On peut encore en deviner les côtes occidentale et orientale, qui pourraient se définir ainsi :

  • Rive occidentale : Domaine de Méjannes – mas de Carrelet - mas Michel - les Fringants. Le site archéologique des Combettes puis le Grau de la Fourcade.

  • Rive orientale: Domaine de Méjannes – Mornés, puis le Pertuis de Rousty.

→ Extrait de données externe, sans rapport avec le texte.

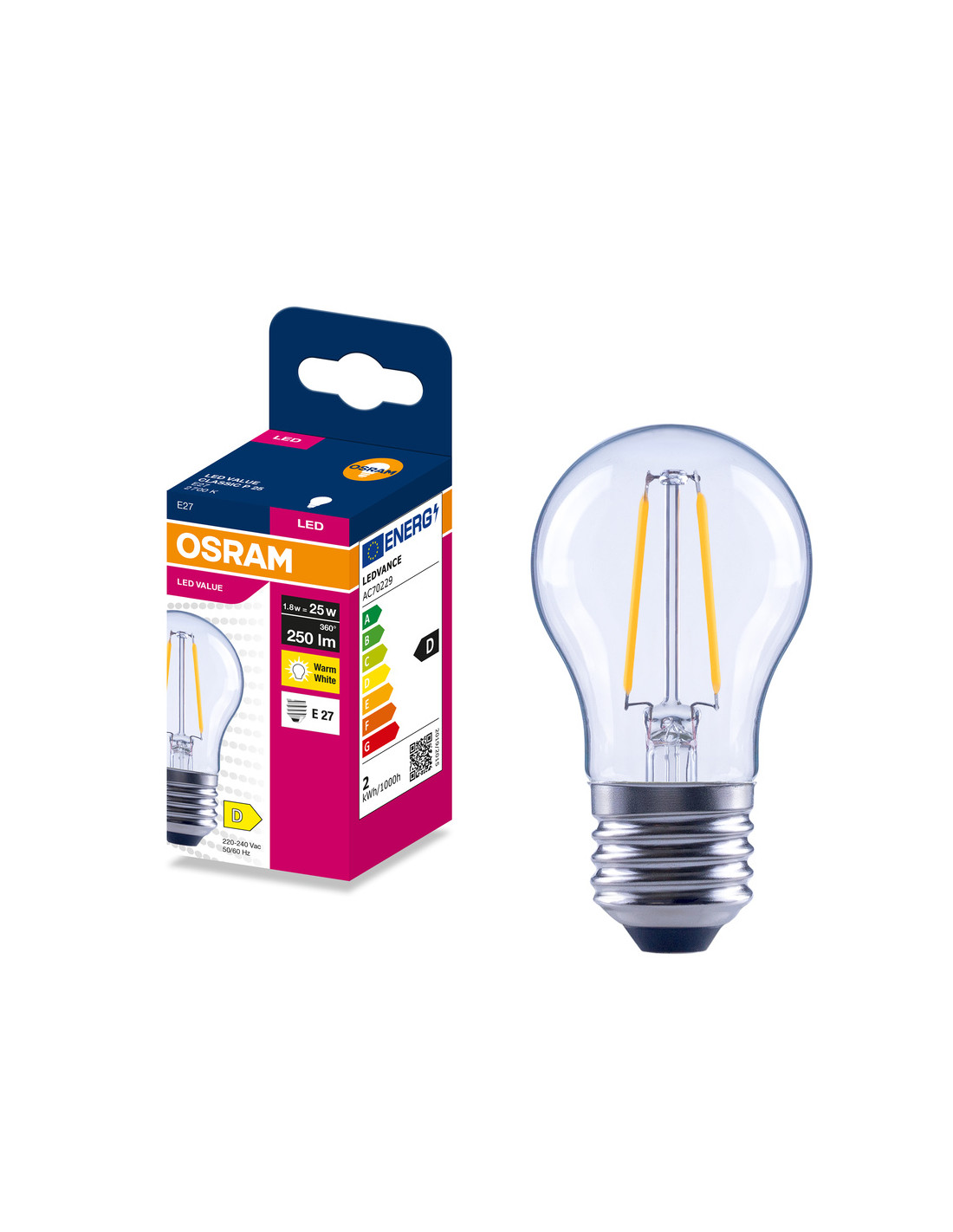 ŻARÓWKA LED VALUE RF CLP25 1,8W 2700K ciepła biała 250LM FIL E27

L'île se terminant à environ 10 kilomètres au large de la Fourcade et du pertuis de Rousty...
 
Aprés ces observations, la carte de la Camargue antique selon la Table de Peutinger apparaît sous la forme schématique ci-dessous .

 

 

NB : La branche du fleuve Beaucaire - Saint Gilles, qui longeait les Costières du Gard et se jetait probablement dans l'étang de Stommalime n'est pas représentée sur le schéma. Cette branche du fleuve circulait dans une dépression qui fut particuliérement évidente sur les photos sattelites de l'inondation d'Arles de 2003.

 



    G-ographie-Antique.png

Max DANIEL : Représentation de la Camargue antique selon Peutinger

Le lecteur notera que les   pointes SUD des deux îles se trouvaient à quelques 23 kilomètres de village actuel des Saintes... C'est à dire à la même lattitude que le cap couronne...

 

Lire Le Carrelet, Lucas Martin , dans Bulletin archéologique de Provence, supplément 2, 2004.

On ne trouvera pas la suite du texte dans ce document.